Nor did Schiff and Loeb see eye to eye on spas, a serious matter for gentlemen of the era, and the arguments about which cure performed the greater service to the liver occasionally became heated. Mr. Loeb preferred the waters at Carlsbad. Schiff preferred Marienbad or Gastein—both, in those days, considered “grander” than Carlsbad. Whenever he mentioned Marienbad or Gastein, he enjoyed turning to his father-in-law to say, “I suppose you'll be at Carlsbad again—with the bourgeoisie.” Both Solomon and Betty Loeb fretted privately over what seemed to them their son-in-law's—and now their daughter's—expanding taste for grandeur. (Once, after one of the young Schiffs' trips to Europe, which had included a sojourn at Marienbad, Betty Loeb asked Therese if she had bought anything in Paris. Therese replied, “
Nur ein einfaches schwarzes SamtKleid
”—“Only a simple black velvet dress”—and Betty Loeb was aghast at the thought that her daughter had become so elegant as to use the adjective “simple” in connection with a fabric as rich as velvet.)

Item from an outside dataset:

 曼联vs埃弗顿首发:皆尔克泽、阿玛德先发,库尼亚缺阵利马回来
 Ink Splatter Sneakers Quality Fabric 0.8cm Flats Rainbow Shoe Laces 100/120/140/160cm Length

But it was in the Kuhn, Loeb offices that the two men's differences were most pronounced. It was a battle of banking philosophies, and of generations. Solomon was cautious. Jacob was bold. Solomon was older and contented with his firm's success. Jacob was young and wanted to bend the firm to his will. Jacob made it a point to get to the office earlier than his father-in-law. There he started each day writing dozens
of memoranda in small, meticulous longhand—plans, proposals, suggestions, ideas—and when Solomon Loeb arrived, he found his desk strewn with these notes. Some of Jacob's notions were too intricate for Solomon to grasp, and he would have Jacob sent in, and the two would try to discuss Jacob's ideas—Solomon reminding Jacob of the philosophy (“Always say no …”) that had made him successful. When they emerged from their meetings, Jacob Schiff looked angry and Solomon Loeb looked tired.

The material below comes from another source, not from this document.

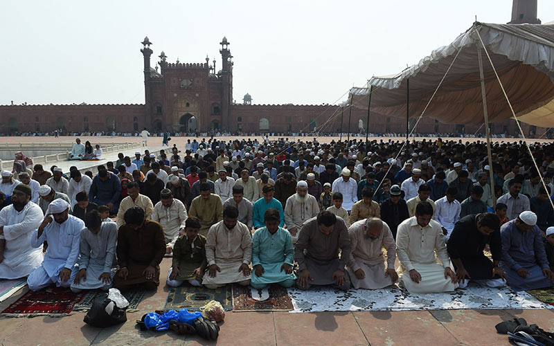 Muslim men offer Eid al-Fitr prayer at the Badshahi Mosque in Lahore on June 26, 2017. —AFP photo

Like so many self-made men, Solomon Loeb had prided himself on knowing, at any given time, just what was going on in every corner of his company. After all, he and his first partners had been retailers. As bankers, they had preferred to finance manufacturers and merchants whose operations they understood. Now the firm's railroad operations had extended Solomon's empire beyond his reach. As he studied the firm's figures he found it increasingly necessary to call for Jacob to explain. And Solomon had begun to worry about his health. After a day at the office, he would lie on a velvet sofa with his head in Betty's ample lap while she bathed his forehead with a handkerchief dipped in cologne. One morning Solomon called for Jacob. The clerk, as usual, hurried to Jacob's office to say, “Mr. Loeb would like to see you.” But this time, without looking up, Jacob Schiff said, “Tell Mr. Loeb he may see me in my office.”

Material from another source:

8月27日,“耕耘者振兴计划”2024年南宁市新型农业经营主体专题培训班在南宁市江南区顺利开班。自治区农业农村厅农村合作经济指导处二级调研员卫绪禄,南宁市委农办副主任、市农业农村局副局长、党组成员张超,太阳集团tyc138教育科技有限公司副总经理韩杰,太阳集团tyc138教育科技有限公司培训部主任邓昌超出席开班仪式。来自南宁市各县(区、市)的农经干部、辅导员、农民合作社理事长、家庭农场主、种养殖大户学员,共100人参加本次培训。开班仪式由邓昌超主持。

The year was 1881. The Age of Seligman was over. While uptown Jewish society in New York might continue to argue about Jews of “the Seligman type” as opposed to those of “the Nathan type,” there was no doubt among financiers in Wall Street that there was a basic difference between the Seligman and the Schiff types. American finance had entered the great Age of Schiff. Today, as a result, when the Kuhn, Loeb partners gather for a formal photograph, they do not assemble in front of the portraits of Abraham Kuhn, who looks wistful, or Solomon Loeb, who looks dismayed, but in front of the huge, mantel-crowning portrait of Jacob H. Schiff, who looks regal.

Early in the 1880's, scarcely ten years after Jacob Schiff became a partner in his firm, Solomon Loeb began to do what many in his family still call “a noble thing.” Like all noble things, it was not an easy thing. But it had the blessing of Betty, who had helped him guide the fortune of Kuhn, Loeb from the beginning. He began to draw a distinction between “projects” and “policy.” He would remain interested, he said, in Kuhn, Loeb projects. But policy would become the bailiwick of his son-in-law, Jacob Schiff. In effect, Solomon Loeb had abdicated.
Though he continued to come to the office each day, he took the position of a silent partner. Jacob was given what he had always wanted—the reins of a company, a bank of his own.